Given records:
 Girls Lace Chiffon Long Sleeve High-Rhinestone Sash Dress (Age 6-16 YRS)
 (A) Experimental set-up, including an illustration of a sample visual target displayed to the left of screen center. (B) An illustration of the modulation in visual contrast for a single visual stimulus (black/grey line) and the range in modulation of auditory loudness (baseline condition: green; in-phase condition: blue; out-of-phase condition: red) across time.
* * *
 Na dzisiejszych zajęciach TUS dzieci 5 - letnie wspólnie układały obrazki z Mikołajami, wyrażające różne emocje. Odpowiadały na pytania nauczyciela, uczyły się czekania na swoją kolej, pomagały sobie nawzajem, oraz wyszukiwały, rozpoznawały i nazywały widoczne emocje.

Problem: Every line above from the line with "Girls Lace Chiffon" to the line with "(A) Experimental set-up, including", both included, must be reproduced exactly, and no other line may appear.

Expected answer:
 Girls Lace Chiffon Long Sleeve High-Rhinestone Sash Dress (Age 6-16 YRS)
 (A) Experimental set-up, including an illustration of a sample visual target displayed to the left of screen center. (B) An illustration of the modulation in visual contrast for a single visual stimulus (black/grey line) and the range in modulation of auditory loudness (baseline condition: green; in-phase condition: blue; out-of-phase condition: red) across time.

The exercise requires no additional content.